Jim signed a new deal for $10 million with the Toronto maple leafs. THe terms of the contract were 1 million immediately and 800,000 per year for the next 5 years (first payment after 1 year) and $1 million per year for the next 5 years (first payment at year 6). If jim's interest rate is 8% per year, how much is his contract worth at the time of the signing?
An Excel spreadsheet is very helpful for these types of calculations.
(in thousands for brevity):
PV = 1000 + 800/(1.08) + 800/1.08)^2 + 800/(1.08)^3 + .... 1000/(1.08)^10
To determine the present value of Jim's contract at the time of signing, we need to calculate the present values of the future cash flows and add them up.
The immediate payment of $1 million does not need to be discounted since it is received immediately. Therefore, the present value of the immediate payment is $1 million.
For the next 5 years (years 1 to 5), Jim will receive $800,000 per year, with the first payment being received at the end of year 1. This is an annuity with a future value of $800,000 per year, an interest rate of 8%, and a duration of 5 years. We can use the formula for the present value of an ordinary annuity to calculate the present value of these cash flows:
PV = PMT * (1 - (1 + r)^-n) / r,
where PV is the present value, PMT is the payment per period, r is the interest rate per period (in this case, 8% or 0.08), and n is the number of periods (in this case, 5).

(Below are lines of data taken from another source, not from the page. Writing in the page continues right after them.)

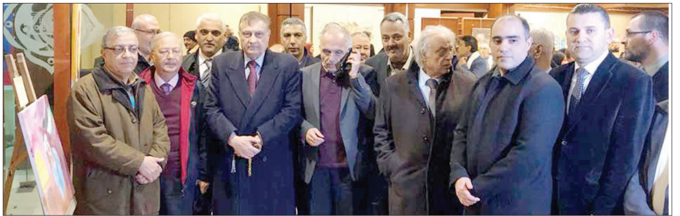
عند افتتاح المعرض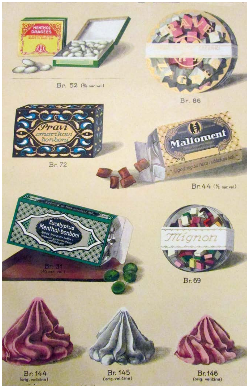
Slika 5. Reklama za Rave šećeriće. Publikacija Rave proizvoda 1924., vlasništvo obitelji Rac dinara, a i sljedeća će godina rezultirati dobrim poslovnim uspjehom. Tome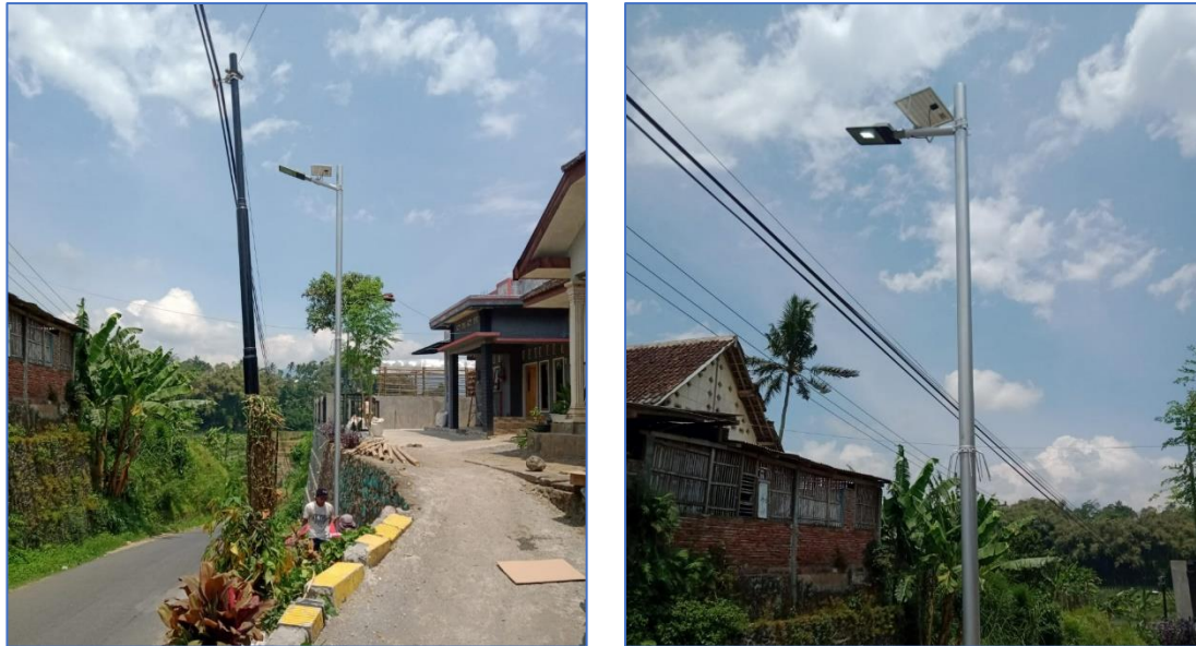
Gambar 6 PJU Bertenaga Surya terpasang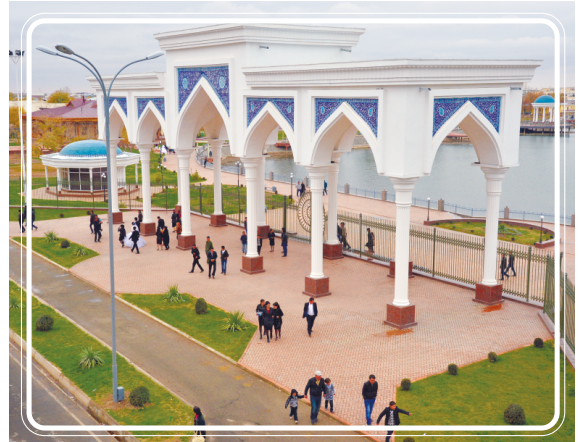
Сотим АВАЗ, шоир.

14,2 километр масофада, салкам 90 гектар майдонда аҳоли дам олиш масканлари барпо этилиб, ободонлаштириш ишлари бажарилди.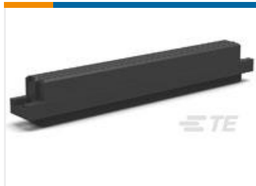
TE 产品编号746603-4 64 EUROLATCH LEAD FREE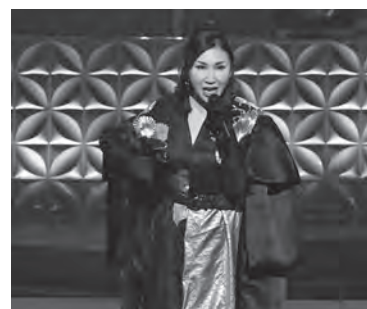
ロングヒット賞 「残酷な天使のテーゼ」 高橋洋子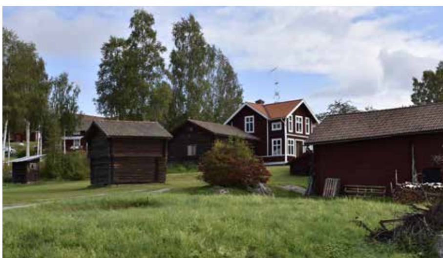
Two motställda enkelstugor där den borte försetts med en extra våning och en stor glasveranda/kallfarstu. Gråda 10:8.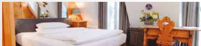
Hôtel Opéra München 4*

Le prix ne comprend pas : Le transport aérien ou ferroviaire, les repas, les boissons, les assurances assistance, rapatriement, annulation et interruption de séjour, la taxe de la ville.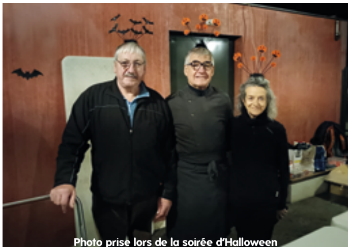
Photo prise lors de la soirée d'Halloween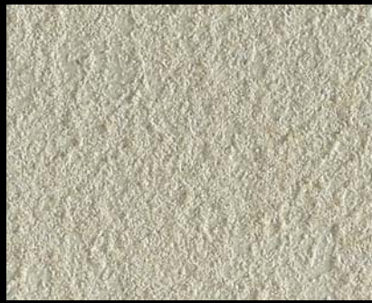
Toner № 546- 2cc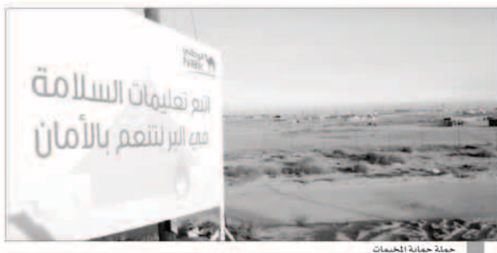
حملة حماية المخيمات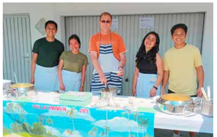
Die Helferinnen und Helfer des KTEP-Teams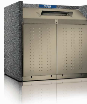
SILENT 1001 Paper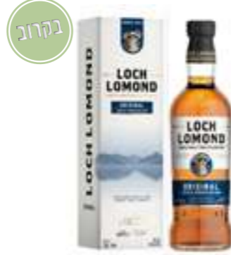
לוך לומונד אוריג'ינל טריפל אוק

תכולה: 700 מ"ל אחוז אלכוהול: 40% גורם כפל: 6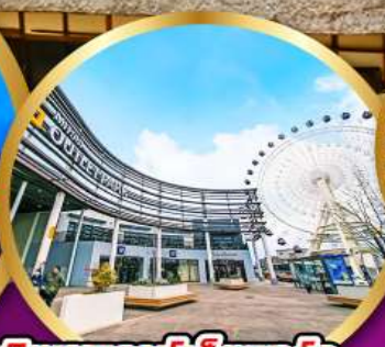
มิตซูฮิเออากะไลท์พาร์ค เซนได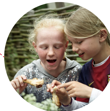
ROSKILDE KOMMUNE MAD OG MÅLTIDER I SKOLEN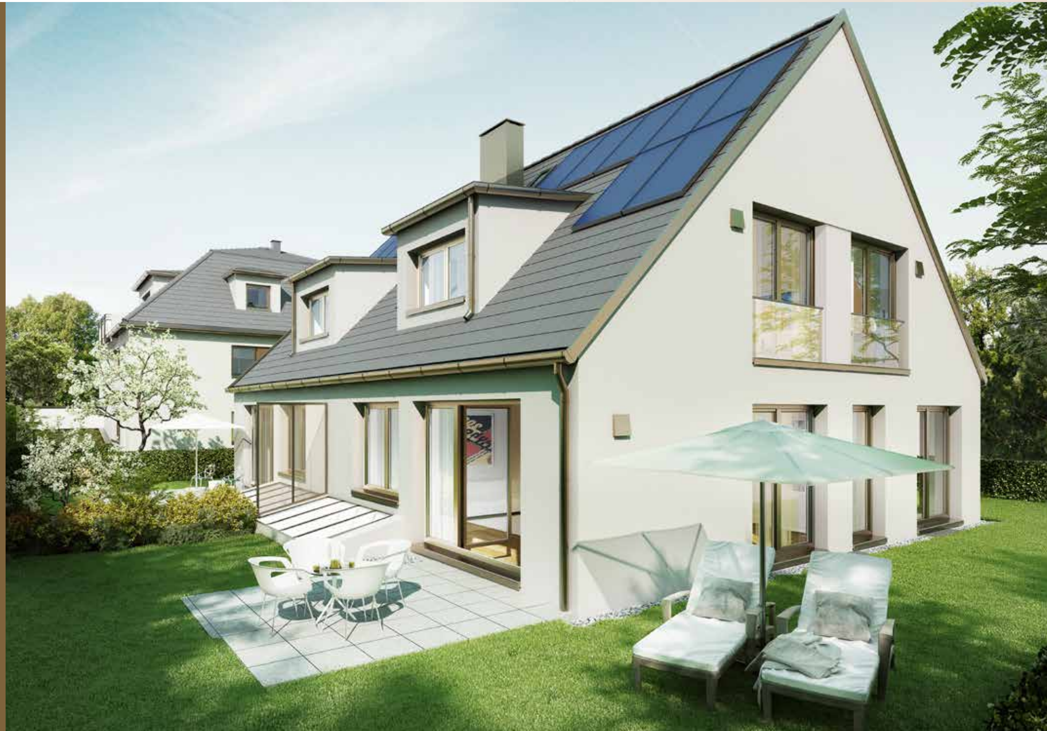
3D-Visualisierung: Blick auf das Gartenhaus

Das Gartenhaus besteht aus zwei Einheiten mit jeweils eigenem Hauseingang und großzügigen Grundrissen mit 5 Zimmern auf 2 Etagen. Mit jeweils ca. 132 m 2 Wohnfläche und Raumhöhen im EG und DG von 2,70 bzw. 2,80 m bieten die Wohnungen viel Raum zur Entfaltung für die ganze Familie. Hinzu kommt das Untergeschoss mit ausgebautem Hobbyraum mit Fußbodenheizung und Parkettboden sowie guter Belichtungssituation.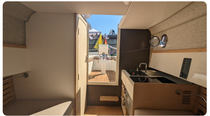
Tuck 22 13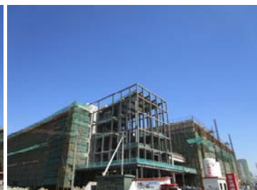
↑ 图 信息学院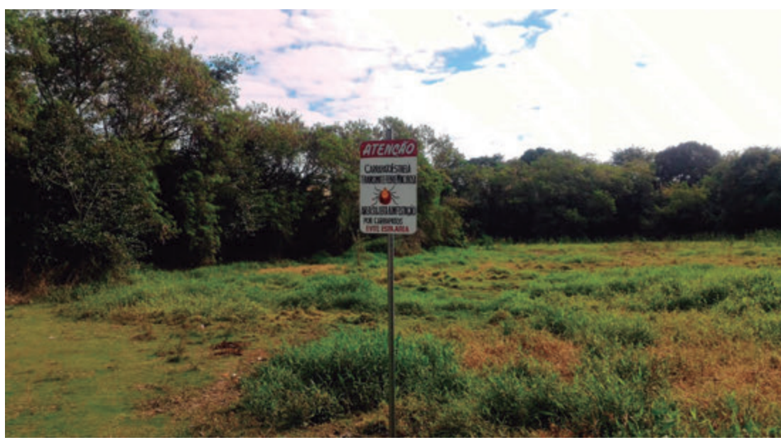
Placas foram colocadas em pontos onde pode haver a presença de carrapato estrela

De acordo com o Ministério da Saúde, a partir da suspeita médica da bactéria, causadora da Febre Maculosa, o tratamento com antibióticos deve ser iniciado imediatamente, não se devendo esperar a confirmação laboratorial do caso. Quanto mais rápi-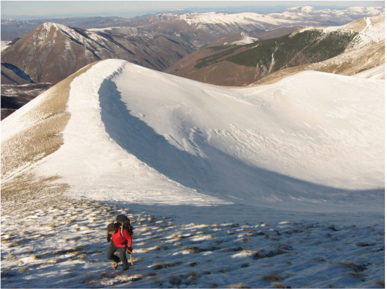
30- La sella Nord Ovest vista salendo verso la cima del Monte Porche.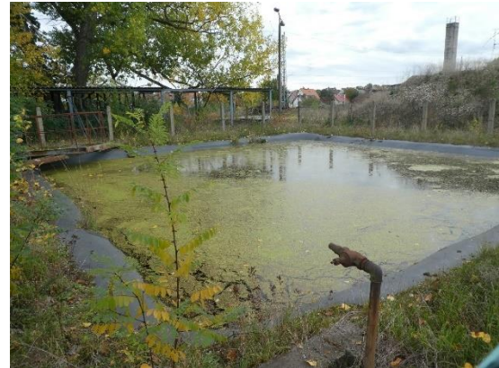
Fotos 9 und 10: Feuerlöschteich aus südwestlicher und nordöstlicher Richtung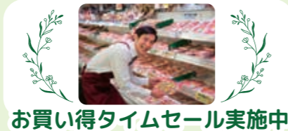
お買い得タイムセール実施中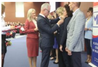
Obchody Dnia Edukacji Narodowej na Mazowszu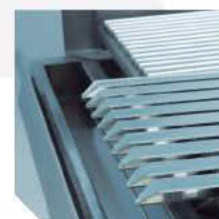
Recolector integrado en el marco frontal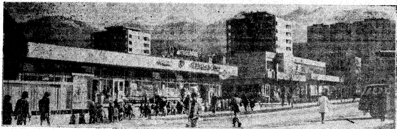
Amprantă a noului pe vechiul meleag al Văii Jiului.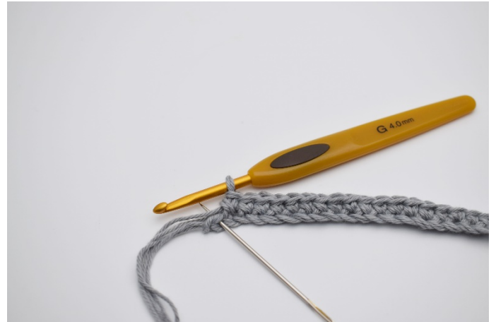
4. Virka 1 fm i följande 30 lm, I sista lm, (Nålen markerar den här)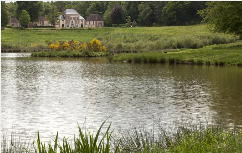
La porterie de la Chartreuse du Val-Dieu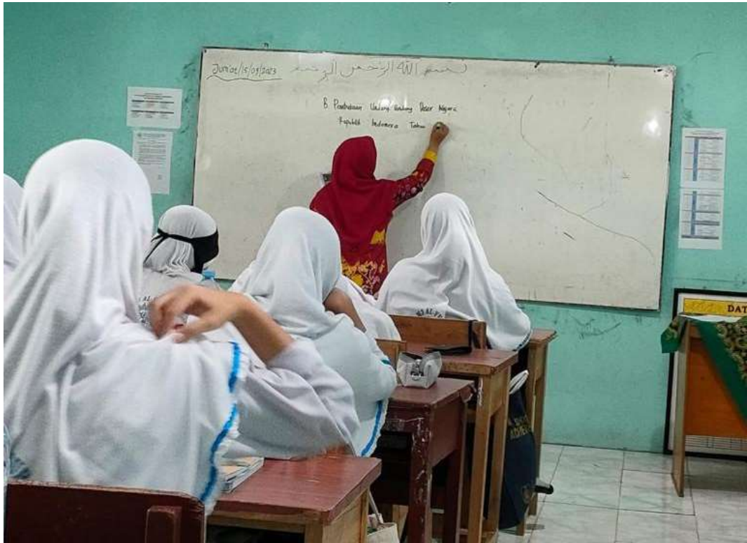
Kepala madrasah sebagai Educator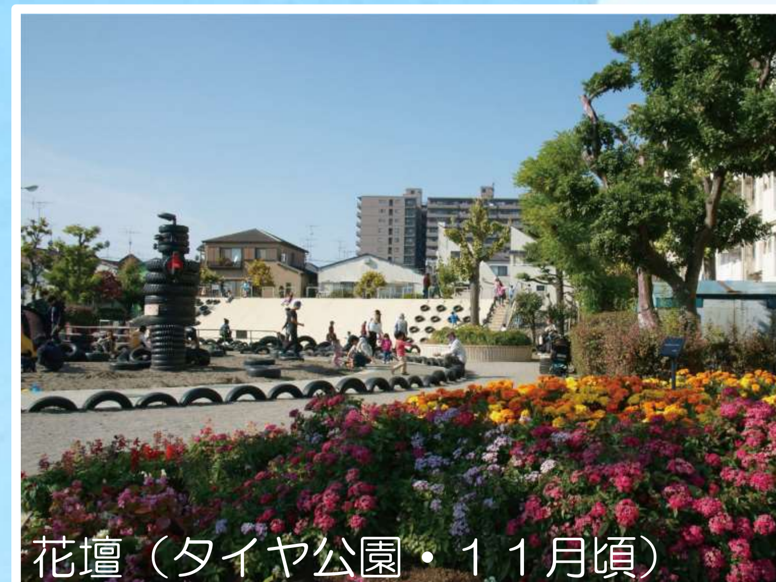
花壇 (タイヤ公園・11月頃)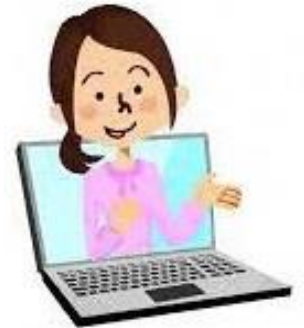
(図2) 困った時の“3つのステップ”

文部科学省の「令和元年度児童生徒の問題行動等調査結果」によると、いじめを受けた児童生徒の相談先は、「学級担任に相談」80.8%、「保護者や家族等に相談」21.6%、「学級担任以外の教職員に相談」7.4%、「友人に相談」6.6%という結果でした。(複数回答) やはり学校の役割は大きいです。子どもが安心していつでも相談できる環境を整えておくことはとても大切です。私たちの周りの大人が、子どもたちを受け入れ、関心を持って見守る環境を構築することが、いじめやトラブルを無くすために何より大切なことではないかと考えています。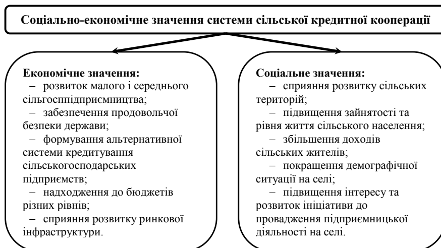
Рис. 3. Соціально-економічне значення системи сільської кредитної кооперації

Оскільки існуюче українське законодавство обмежує види діяльності кредитних спілок лиш наданням кредитів та прийняттям вкладів і не дозволяє кредитним спілкам надавати послуги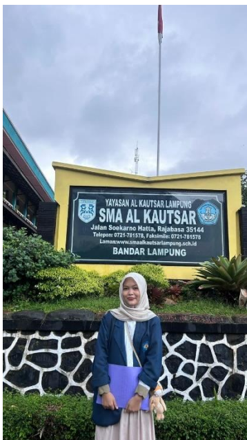
Gambar 1.4 Foto di Depan SMA Al-Kautsar Bandar Lampung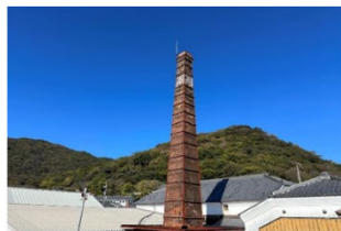
龍野地区のランドマーク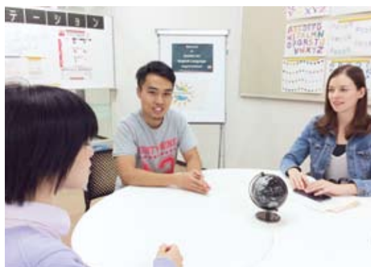
▲英語力向上ステーション

兵庫教育大学では、学部学生が小学校教員になるための英語力の向上を目指し、「英語力向上ステーション」を開設しました。本ステーションでは、英語力向上を目的とした学生が気軽に訪れ、英語に接することが可能となるだけでなく、本学のグローバルゼーション並びに英語力向上のための各種事業の拠点として、TOEICや英語検定等の受験対策講座や、留学生やネイティブ講師との「Eigo de ランチ」等、英語力向上に関する様々な活動やイベントを実施しています。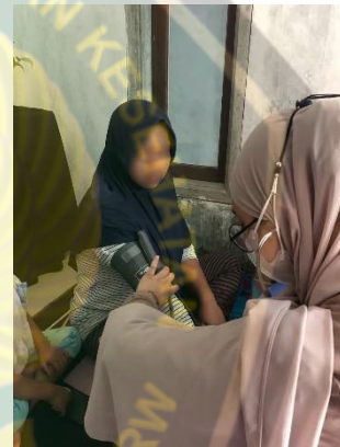
Gambar pemeriksaan tekanan darah pada ibu hamil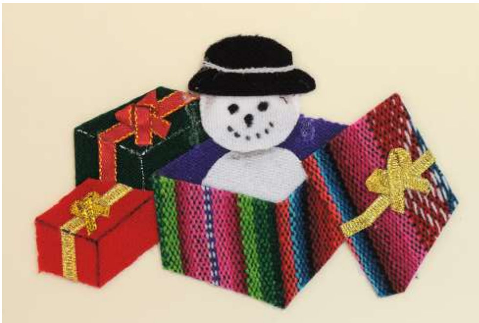
Motiv 29 Weihnachts- geschenke

Using this formula, the present value of the annuity is:
PV = $800,000 * (1 - (1 + 0.08)^-5) / 0.08.
Calculating this value gives us a present value of approximately $3,097,287.83.
For the next 5 years (years 6 to 10), Jim will receive $1 million per year, with the first payment being received at the end of year 6. Again, this is an annuity with a future value of $1 million per year, an interest rate of 8%, and a duration of 5 years. Using the same formula as before, the present value of this annuity is:
PV = $1,000,000 * (1 - (1 + 0.08)^-5) / 0.08.
Calculating this value gives us a present value of approximately $3,868,702.88.
Finally, to find the total present value of Jim's contract, we add up the present values of the immediate payment, the annuity from years 1 to 5, and the annuity from years 6 to 10:
Total present value = $1 million + $3,097,288 + $3,868,703.
Calculating this gives us a total present value of approximately $7,965,991.71.
Therefore, Jim's contract is worth approximately $7,965,991.71 at the time of signing.